Every governed change goes through one door: POST /actions/{id}/invoke. It executes low-risk record and state mutations today with a Stripe-style Idempotency-Key (a retried mutation replays the stored response), Terraform-style plan/apply change-sets for risky actions, Google AIP-151 long-running operations, and an event stream. Medium, high, and destructive actions are refused in code and routed to dedicated confirmation; viewers are denied and audited.

Situational awareness

GET /me/attention, per-entity status, and a per-customer operator view answer is this OK, what needs me, and what can I do from machine truth. A two-plane tenancy and responsibility model attributes each instance to who runs it, so the same object reads correctly as platform topology, org service health, or personal work.

World-class operator console

Canonical local review URL: http://localhost:3000. Every screen is rebuilt to a calm Focus + Summon architecture (a full-width room plus a summoned detail sheet) and wired to the spine: Customers, Members, Connections, Runtime, Capabilities, Procedures, Fabric, MSP management, and System > Configuration, on a reusable CRUD kit in Apple Liquid Glass. Members onboards operators by email invite with no passwords.

Agent-executed deployment

An OpenClaw instance can be deployed by the agent with its own per-instance Cloudflare tunnel and DNS, verified live in dev/control-plane: it comes up healthy at its own hostname, and teardown is reversible-only (no volume deletion) and removes the tunnel and DNS. This is real deploy capability, not a production customer rollout — PRODUCTION does not exist yet.

Spatial product direction

The command workspace direction is organized around roster, inspector, activity, map context, and plain-English status patterns. The report describes architecture status, not a scripted UI walkthrough.

G6D access gateway inspection

Canonical local review URL: http://localhost:3000. Start or restart with cd /Users/shayne/AI/Projects/Anthropy/Works/apps/web && npm run dev. Sign in with the seeded local/dev MSP admin admin@anthropy.works / changeme-dev-only, then open Access.

Exact UI path: open Access, choose Access gateways, then select a gateway profile. The workspace should show what the gateway is, what host routes depend on it, the latest read-only reachability check, uncertainty, and explicit refused/blocked actions.

Known limitation: this is a read-only inspection flow grounded in existing jumpbox/host access records. It is not a generalized inspector framework, replay engine, simulation product, remediation surface, provider operation, alert delivery path, or OpenClaw deployment path.

G7E/G7F operator console steering

Canonical local review URL: http://localhost:3000. Start or restart with cd /Users/shayne/AI/Projects/Anthropy/Works/apps/web && npm run dev. Sign in with the seeded local/dev MSP admin admin@anthropy.works / changeme-dev-only, then open Activity console.

Try deterministic typed commands such as what can you do, open access gateways, close inspector window, start access gateway setup, show setup sessions, or inspect setup session. The console resolves commands through Anthropy registries and routes to registered UI actions and setup-flow APIs only; it is not a chatbot, does not call external services, and does not execute SSH or provider operations.

G9-W1 gateway workflow cognition

Access gateway work now has a clearer lifecycle path: setup draft, profile handoff, guided profile editing, evidence revalidation, validation evidence workspace, operator timeline, and read-only validation evidence.
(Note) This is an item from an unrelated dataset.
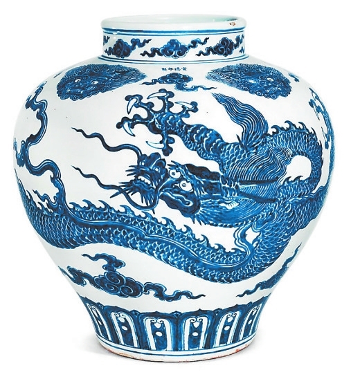 饰以龙纹的景德镇御瓷,由于精制典雅美观,受到历代收藏家的青睐,在拍卖场上的拍卖价格也是屡创新高。2016年香港佳士得30周年拍卖会上,一个明宣德青花五爪云龙纹大罐(图3),以1.4亿港元落槌,含佣金达1.58亿港元;2019年北京保利春拍的清雍正御制青花釉里红云海腾龙天球瓶,以1.472亿元人民币成交。

The review target is whether an operator can understand what gateway is being configured, what changed, what Anthropy checked, what evidence exists, what remains uncertain, and what action stays blocked. This does not enable provider execution, OpenClaw mutation, remediation, resident LM behavior, autonomy, or PRODUCTION.

G6C local review workflow

Canonical local review URL: http://localhost:3000. Start or restart with cd /Users/shayne/AI/Projects/Anthropy/Works/apps/web && npm run dev. If port 3000 is occupied, stop the listener with PID="$(lsof -ti tcp:3000)"; [ -z "$PID" ] || kill $PID. Sign in with the seeded local/dev MSP admin admin@anthropy.works / changeme-dev-only, then open Governance. Fixture command: cd /Users/shayne/AI/Projects/Anthropy/Works && python3 scripts/load-g6c-operational-walkthrough-fixtures.py | python3 -m json.tool.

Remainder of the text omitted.